Though there are structural differences between foreign-funded and domestic-funded development projects, there remain certain common underlying factors that influence the inefficiencies of some of these projects. Broadly speaking, such factors are primarily related to quality service delivery obstructed by bureaucratic complexities, inefficiencies at the project design and selection stages, and deficiencies in project implementation. Foreign donors in certain cases have raised concerns about the sluggishness and incompetence in the preparation as well as submission and approval of development project proposals. The ADB, in the process of committing a USD 20 billion loan for roads and railway projects, recently pointed out the delay in the bidding process resulting primarily from sluggishness in the appointment of a contractor, along with substandard documentation related to the bidding.

In this connection, we must keep in mind that, be it foreign-funded or domestically financed projects, the quality of project implementation strongly depends on the efficiency of the project manager/director. Incompetency of project directors, as well as replacement of project directors within the implementation period of a project, can cause delays. Besides, complexities in land acquisition and settlement can also generate time lags in initiating projects. Often for certain types of projects, particularly those of roads and highways, prohibitive weather conditions can also affect the pace of implementation.

All such factors, relevant in the case of some of the development programmes, are resulting in delays in completion, and as a consequence, the future beneficiaries are being deprived of the benefits of the projects. Time lags in project implementation puts pressure on the development budget as well, as such delays increase project expenses. Delayed projects and the added expenses may therefore divert resources away from crucial areas closely linked to our development priorities. In the case of foreign-financed projects, inefficiencies in project implementation can not only restrict future flow of funds, but may also lead to stricter conditionalities. Given the ongoing global economic crisis, any inefficiency from our side will limit our sources of funds with relatively flexible terms and conditions.

For effective implementation of development projects, finding out the root causes of inefficiencies should be the first step. The importance of regular monitoring and evaluation (M&E) cannot be emphasised enough. Based on such M&E, preferably on a biannual basis, the underlying problems (if any) of the projects should be identified, and more importantly, urgent steps must be taken to resolve them. In this regard, greater transparency and accountability at each stage of project implementation is essential.

Besides, to reduce the time spent at the project preparation stage, detailed background work should be carried out in advance. In addition, greater care must be taken to prepare the relevant documents associated with project design. If required, concrete feasibility studies must be undertaken and the recommendations and suggestions of those studies should be considered during project implementation.

In the case of foreign loans, not only internal efficiency, but a careful assessment of the modalities of loans is also needed so that the most prudent choice is made in fund selection. In this regard, we must not miss the "low hanging fruits," that is, the opportunities of smaller funds with fewer conditionalities and relatively low interest payments.

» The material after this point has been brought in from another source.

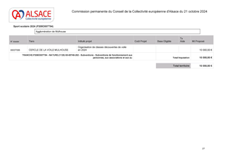 Il vous est proposé dans le présent rapport de voter, au titre du sport scolaire, un soutien à l'Union Générale Sportive de l'Enseignement Libre Alsace (UGSEL Alsace) et aux Services départementaux de l'Union Nationale du Sport Scolaire (UNSS) du Bas-Rhin et du Haut-Rhin, ainsi qu'au Cercle de Voile de Mulhouse (CVM). Le montant total des subventions de fonctionnement à attribuer s'élève à 193 659 € et se répartit comme suit : - 95 907 € à l'UNSS du Bas-Rhin, 69 428 € à l'UNSS du Haut-Rhin et 18 324 € à l'UGSEL Alsace ; - 10 000 € au Cercle de Voile de Mulhouse.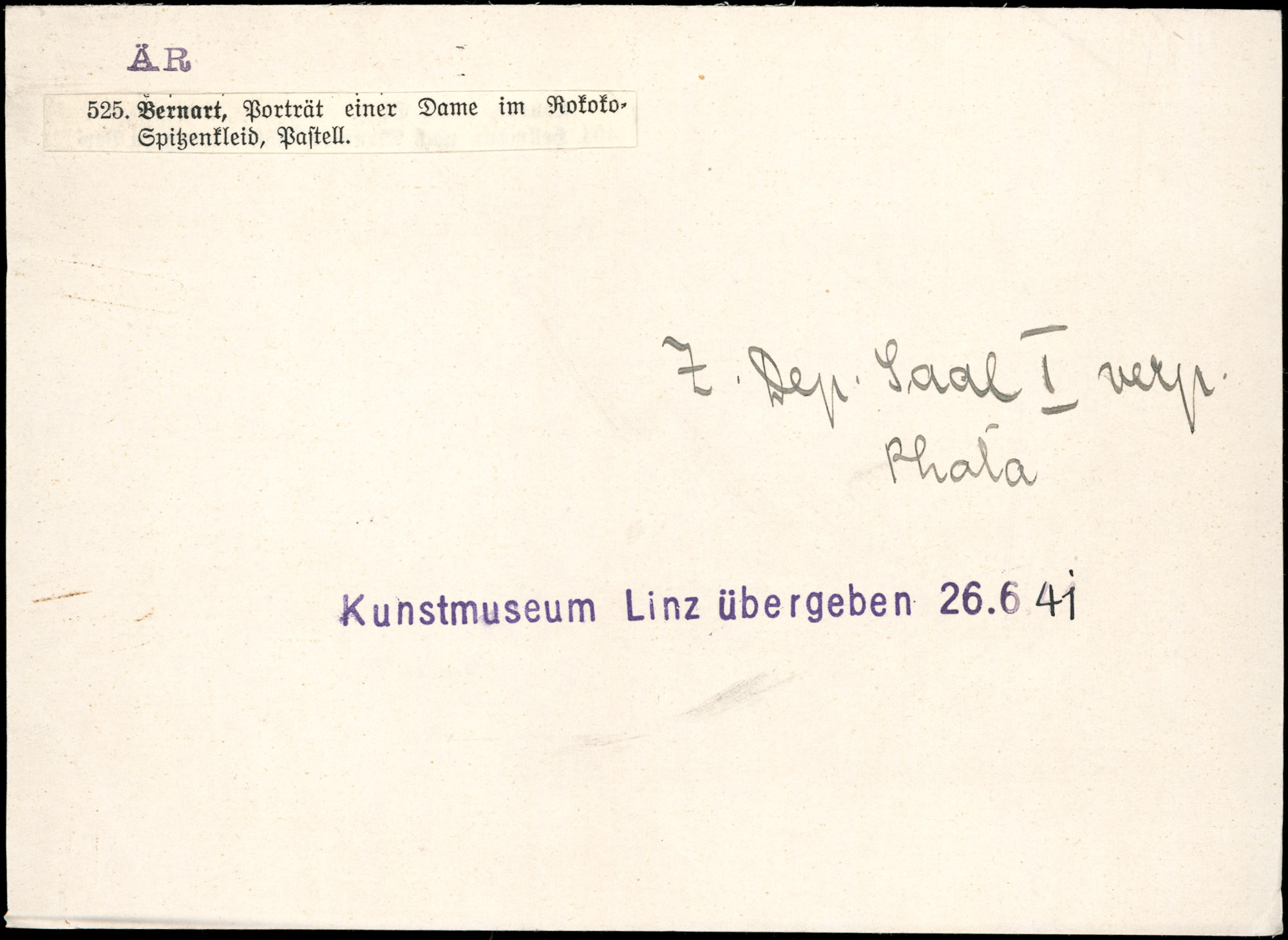 | Index card annotation | Z.Dep. Saal I verp. Photo Kunstmuseum Linz übergeben 26.6.41 | Karteikarte: ausgefolgt am 16.10.1947 Zl.6038/47 Zentral-Depot B Photo Kunstmuseum Linz übergeben 26.6.41 Foto: Handwerkliches Lichtbild. Julius Scherb, Wien, 6. Gumpendorferstr. 26; Ruf A 30-3-45 Mitglied der Wr. Photographenhandwerkschaft Erbeten für Gemäldegalerie Wien |

Finally, we must keep in mind that the credibility of development projects lies not on spending money and their completion within the stipulated time frame, but also on what that money has attained. Therefore, in addition to quantitative yardsticks, it is crucial that the projects are evaluated on the basis of the country's performance in accomplishing its development goals.

Dr Sayema Haque Bidisha is a professor at the Department of Economics of Dhaka University, and research director at the South Asian Network of Economic Modeling (Sanem).